Falling Rents Squeeze Investors

October 21, 2009 in Real Estate Investing by Greg Fielding

for rentBay Area rents are declining…not surprising given the rise in unemployment and struggling economy.

The trend is alarming if you are a landlord. Especially if you are like most small-time investors with a handful of properties that barely cash-flow.

From The San Francisco Chronicle Apartment market moving on up

Bay Area landlords might not be entirely thrilled, having seen their rents drop by an average of 7.5 percent over the past year, compared with 3.7 percent nationwide, according to the report, based on figures up to Sept. 30. Still, not so bad in light of the 17.3 percent increase they enjoyed over the past four years. In San Francisco, rents dipped 5.6 percent over the past year – studios and one-bedrooms showing significant drops – compared with an overall 26.4 percent increase in the past four years.

San Francisco tenants might not be over the moon either. Averaging $2,270 a month, their rents are among the highest in the nation, and considerably more than the rest of the Bay Area, including Marin.
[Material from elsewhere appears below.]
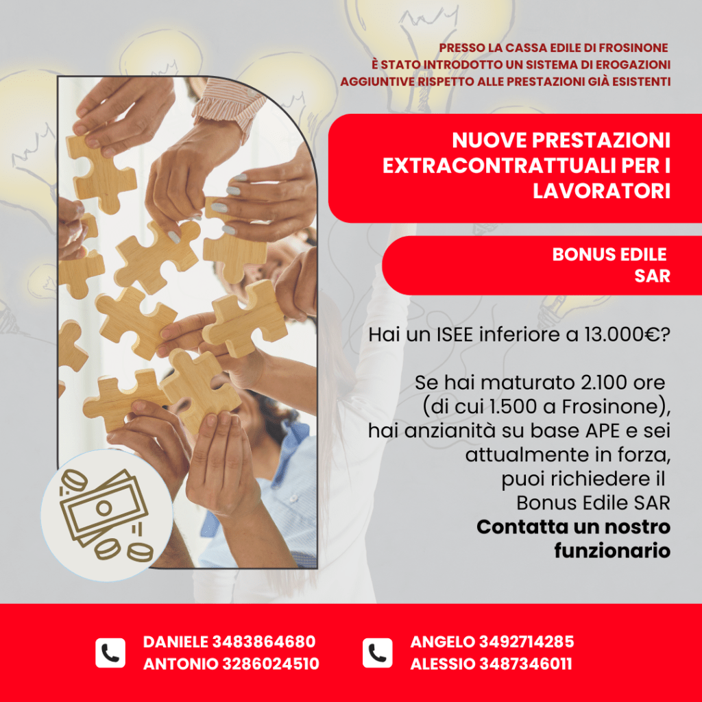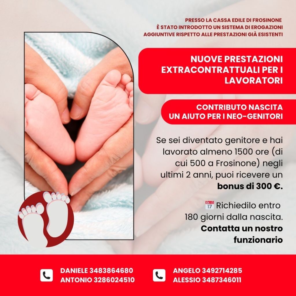 Contributo di 300 € a favore dei lavoratori che abbiano maturato almeno 1.500 ore nel biennio precedente alla nascita del figlio (di cui 500 ore a Frosinone), con una presentazione della domanda entro 180 giorni dall’evento. - Bonus Edile SAR

But before you give your landlord 30 days’ notice, be warned that Marin’s 95.9 percent occupancy rate is even higher than San Francisco’s, according to the report ( www.realfacts.com).

Anything over 95 percent occupancy, which San Mateo also enjoys, is considered “healthy,” said RealFacts co-founder Sarah Bridge. Not so healthy are Santa Clara, Alameda and Contra Costa counties, with higher vacancy rates. Santa Clara County’s whopping 10.1 percent decline in average rents was among the worst in the country. A glut of overpriced apartments resulting from the tech downturn is the explanation.

All in all, “apartments are looking pretty good,” said Bridge. “Landlords are adjusting their rent levels to what is affordable.”